The study population comprised 227 participants (mean age 77 years) who had acute major bleeding within 18 hours of taking an fXa inhibitor (ie, apixaban, rivaroxaban, enoxaparin, or edoxaban). Of these, 61 percent had intracranial bleeding, 27 percent had gastrointestinal bleeding, and 12 percent had bleeding in other sites. Andexanet was administered initially as an intravenous bolus followed by a 2-hour infusion. All participants were included in the safety evaluation while 132 were included in the efficacy analysis. [ACC.18, abstract 409-14]

At baseline, anti-fXa activity median values were 169.75 ng/mL, 132.60 ng/mL, and 0.44 IU/mL for rivaroxaban, apixaban, and enoxaparin recipients, respectively. There were no results on edoxaban as patients were too few, said Connolly.

Upon introduction of andexanet, median anti-fXa inhibitor activity was substantially reduced to 11.30 ng/mL, 9.45 ng/mL, and 0.11 IU/mL, respectively, which was sustained towards the end of infusion (14.40 ng/mL, 10.10 ng/mL, and 0.11 IU/mL, respectively).

Despite the partial return to baseline levels when andexanet was stopped, the values eventually tapered off, resulting in the 12-hour median anti-fXa inhibitor activity values of 72.20 ng/mL, 80.90 ng/mL, and -0.18 IU/mL, respectively.

At 12 hours, 83 percent (109 out of 132 adjudicated major bleeds) achieved excellent or good clinical haemostasis.

These results were consistent with findings from previous studies [Eur Heart J 2015;36:1264-1272; Eur Heart J 2014;35:1873-1880] and support the preliminary results of ANNEXA-4 which revealed a rapid reversal of anti-fXa activity and a 79-percent efficacy rate with andexanet. [N Engl J Med 2016;375:1131-1141]

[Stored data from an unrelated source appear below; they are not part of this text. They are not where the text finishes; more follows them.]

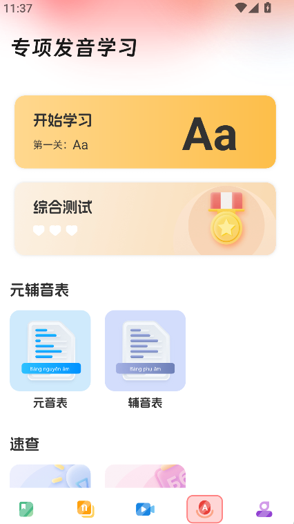 4、专项发音学习板块帮助从零基础开始,逐步训练发音,形成清晰标准的口语表达。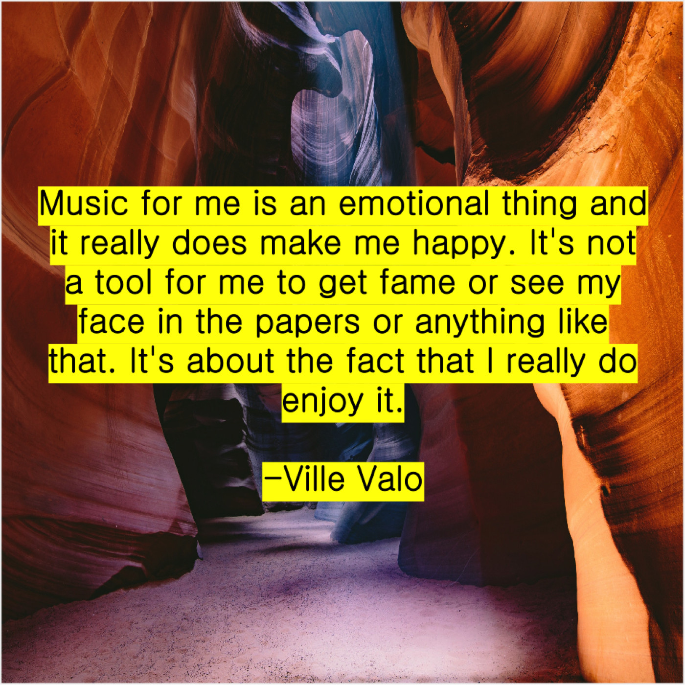 Ville Valo Ville Valo – Music for me is an… July 24, 2019 admin “Music for me is an emotional thing and it really does make me happy. It’s not a tool for me to get fame or see my face in the papers or anything like that. It’s about the fact that I really do enjoy it.”-Ville Valo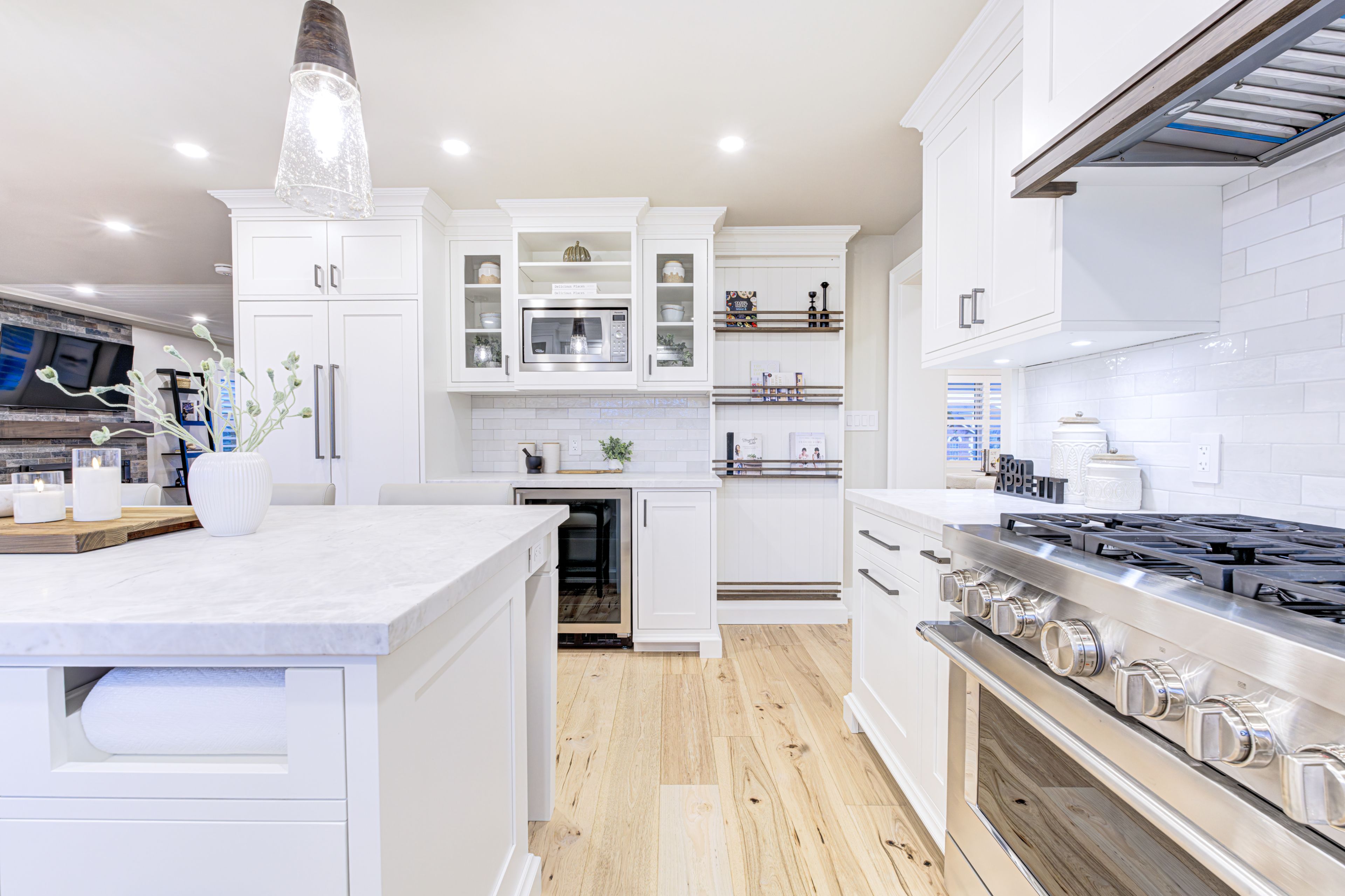 • Oversized kitchen with a large island, perfect for cooking and entertaining.
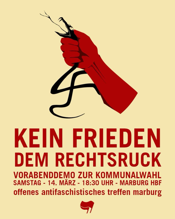 Unter dem Motto „Kein Frieden dem Rechtsruck“ rief das offene antifaschistische Treffen Marburg im Vorfeld der hessischen Kommunalwahl am 14. März zu einer Demo auf. Für uns war sofort klar, da machen wir mit! Leider kam ein anderer Termin dazwischen, aber wir konnten immerhin mit 6 Leuten dabei sein.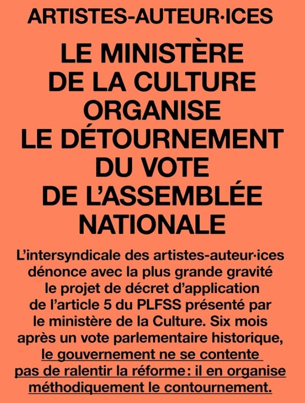 Nous appelons l’ensemble des artistes-auteur·ices à se tenir prêts pour une nouvelle mobilisation.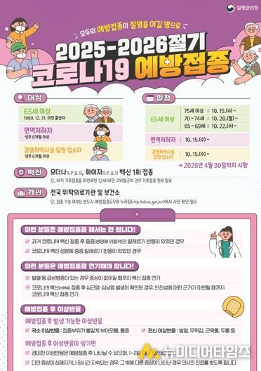 접종 일정은 ▲75세 이상, 10월 15일 ▲70~ 74세, 10월 20일 ▲65~ 69세, 10월 22일부터 가능하다. 면역저하자와 감염취약시설 입원·입소자는 연령 관계없이 10월 15일부터 접종할 수 있다.

At 30 days, 12 percent of participants had died, 57 percent restarted anticoagulants, and 11 percent had a thrombotic event (ie, stroke, heart attack, or blood clot in the legs). These adverse event rates were expected due to the high-risk population with a substantial burden of comorbidities, Connolly said.

While the current findings were relatively comparable to those of REVERSE-AD** and Sarode 2013*** in terms of haemostatic efficacy (83 percent vs 68 percent and 72 percent) and thrombotic events (11 percent vs 5 percent and 8 percent), there was a higher incidence of intracranial bleeding compared with those respective trials (61 percent vs 33 percent and 12 percent), noted Connolly.

The use of fXa inhibitors has been widely practiced for high-risk stroke and venous thrombosis cases due to their excellent efficacy and safety profile, said Connolly. However, inhibiting blood clot formation may trigger uncontrolled bleeding events with a reported 15–20 percent fatality rate, [Eur Heart J 2015;36:1264-1272; Eur Heart J 2014;35:1873-1880] hence the partiality of some clinicians and patients to anticoagulant alternatives that have a reversal agent, said Connolly.

“[T]here is currently no approved reversal agent for [fXa] inhibitors … Having a safe and effective reversal agent [such as andexanet] will benefit patients with acute bleeding,” concluded Connolly, who highlighted the potential of evaluating andexanet efficacy in patients on fXa inhibitor therapy who require urgent surgery.